Hell: having family (and/or friends) consider the possibility that you deserve to suffer for an eternity because you don’t have imaginary conversations with a guy you’ve never met (a guy, who people of questionable objectivity, described two thousand years ago as a loving Creator BUT willing to remain unaffiliated with children of his forever).

I find it interesting when people who abhor the practice of fortune-telling are so eager to be fortune-tellers of the soul.

February 11, 2007

Family Guy

Posted in family, fatherhood, friends, marriage at 7:25 pm by Jerry

While Becky and I show off our beautiful grrrl to everybody, it’s interesting to hear the comments from people when they hold Emma in their arms and talk about family life. They’ll talk about their experiences raising children and ask how ours has been developing. And then, some, will comment on how it wasn’t long ago that I was looking and sounding like someone far from this experience.

People often commented on my singlehood before I met Becky. Some wondered if I was gay because they didn’t see me dating girls (I guess they thought I’d hide my boyfriends somewhere). I often say I was a “hermit” for a number of years, even though hermits rarely live in cities. I was definitely a loner.

People got confused when I answered their concerns about me with, “I’m not closed to getting married in the future.” They’d follow with a look on their face that said, “Then, get on with it!” So I’d say, “But I’m not on the hunt, either.” Which would frustrate them as well. I didn’t run away from girls. I had plenty of friends that were girls, but I found myself enjoying my alone time more than alot of the time I spent with friends. When I’d admit that to others, I became suspicious if they thought I was becoming one of those psycho-killer loners (wouldn’t you wonder if you saw a hint of fear on peoples’ faces when you admitted your reclusive nature).
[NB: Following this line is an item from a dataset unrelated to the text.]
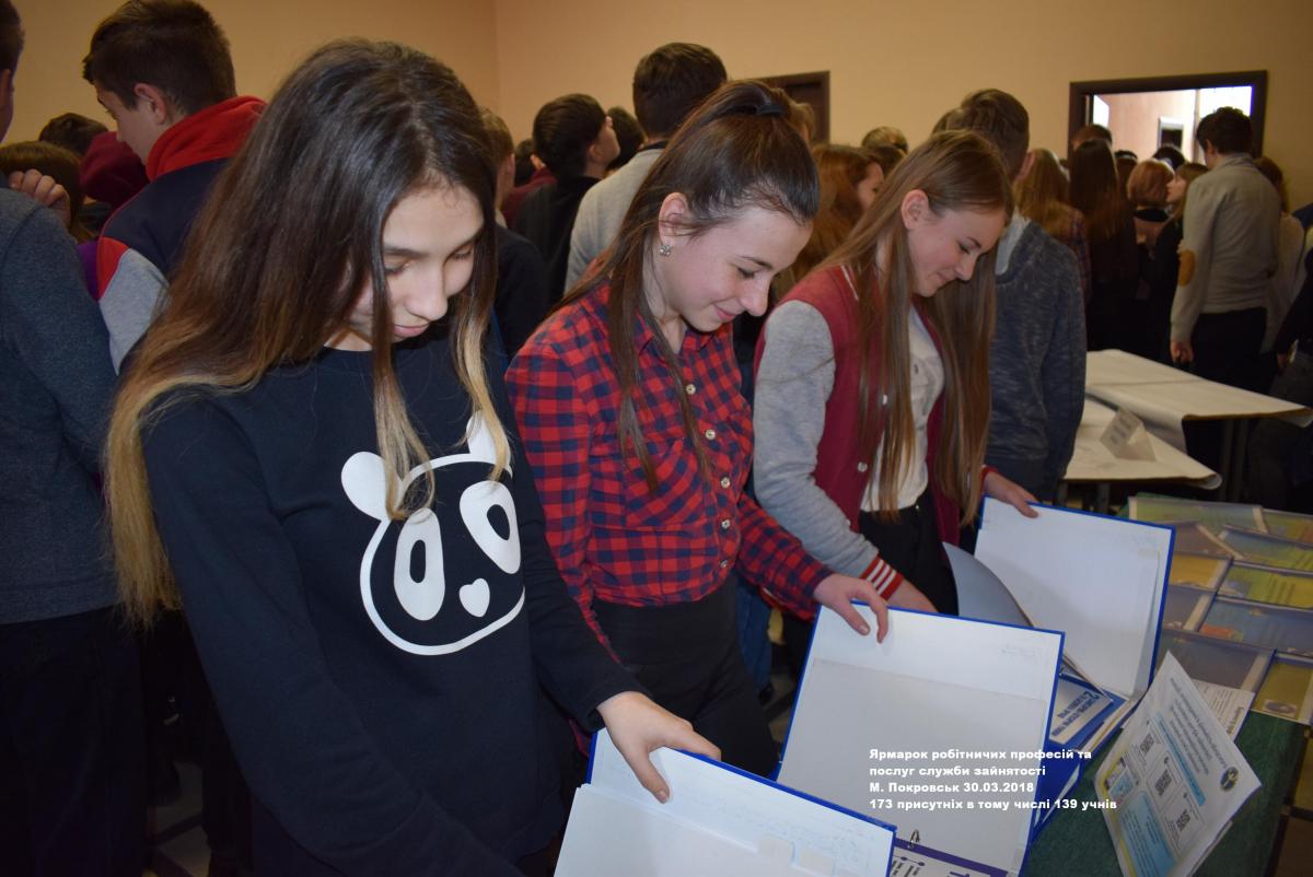 30 березня у приміщенні позашкільного навчального закладу Центр творчості та дозвілля ВО Покровської міськради фахівці Покровського міського центру зайнятості на чолі з директором Миколою Толмачовим провели Ярмарок робітничих професій та послуг служби зайнятості для учнів випускних класів міста Покровськ та Покровського району.

I was very picky. I wasn’t gonna just get together with any girl. I didn’t know much about what kind of girl I wanted to get romantically involved with, but I was certain what I didn’t want. I knew I wanted someone I thought to be intelligent, someone who had a common-sense/wisdom about the world, someone who was aware, not blinded or chose to blind-fold herself from what was out there or right in front of her face. I wanted someone who I was attracted to, for many reasons. I wanted an independent girl, courageous, yet graceful.

Then I met Becky.

Two to three outings and I was smitten. I found myself calling this grrrl constantly while thinking to myself, “Why am I doing this? This isn’t me. I don’t have feelings for her, do I?” My mind had yet to comprehend what had happened to me. I was in love. I didn’t know it, but it soon became clear.

Not long after being a couple, I admitted to Becky that I felt like we were married. She said she felt the same way. That settled it.

I use to warn family and friends, “I may never get married, I may never have children.” And here I am, a family guy. Today marks the day I’ve been married to my beautiful wife for two years. I’m even more smitten than I was before. And sharing parenthood has also brought Becky and I closer together.

Looking back, I don’t regret or think bitterly about my “hermit days”. If I was still there, I’d be happy, not regretting being single either. But that’s not my destiny. My destiny is a life with a beautiful, intelligent woman and a cute daughter. It’s been a great journey, a journey that gets better with age.